I've been gone from Blog Trek for too long. Life interferes sometimes (more frequently for me than I would wish.) The move involved more than packing, which was a heavy enough burden while working full-time. I had to find somewhere that would take my dog, was within my budget range and within a reasonable distance of the territory I cover for home health visits. It also had to be large enough to accommodate my furniture, which isn't apartment-friendly and it had to be in a safe enough area to allow me to walk my dog in the evening before bed.
All of the above aren't easy to accommodate, but I finally found that 550 square foot apartment in Monrovia, within my budget, would take Taffy, was within a block of Old Town and only 3.5 miles further than my current drive to the center of Pasadena. Everything was okay except the 550 square feet. So much smaller than anything I had lived in since leaving Arizona in my rearview mirror. Challenging, to say the least. I purged. I packed. I purged again. I spent more time at Goodwill than I did on my packing.
And all the time, I worked and continued editing my friend's workbook while struggling on with the revisions of "Indelible." Finally, I got done with that draft of the workbook, I admitted I had no concentration left for "Indelible," which demands a lot of my brain to keep the plot straight, the characterizations evolving, the timelines correct, etc., etc. I also had a full caseload for my day job, and the deadline to move out loomed on the horizon. I committed myself to moving on May 10 and tried not to feel overwhelmed. My friend came from Spokane the Thursday evening before I moved. As expected, she said "whatever" and went to bed. The following morning, we talked and she helped me with some packing before we had lunch in Monrovia and I went to sign my lease and she drove to OC.

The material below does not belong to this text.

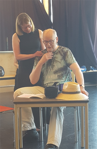 Nog 4 repetities en de spanning neemt toe. Arme vrouw Anna had een arm in een mitella en kon niet eens de bladzijden van het script omslaan. Maar je ziet dat meer en meer uit het hoofd gaat en dat brengt met zich mee dat ik meer karakters zie op het podium. Meer inhoud. En dat is zo mooi om te zien.

I drove the worst U-Haul truck in the nationwide fleet May 10. I had wanted 3 young guys to move me, but my neighbor's son brought himself and one friend. My son came and had to be the 3rd person instead of mainly supervising what was going into the truck and where. I was still packing, because no matter how many boxes I had bought or been given, they never seemed to be enough. I had to buy 6 more at the U-Haul the day I picked up the truck, and I still had not cleared out the shelves in the laundry room.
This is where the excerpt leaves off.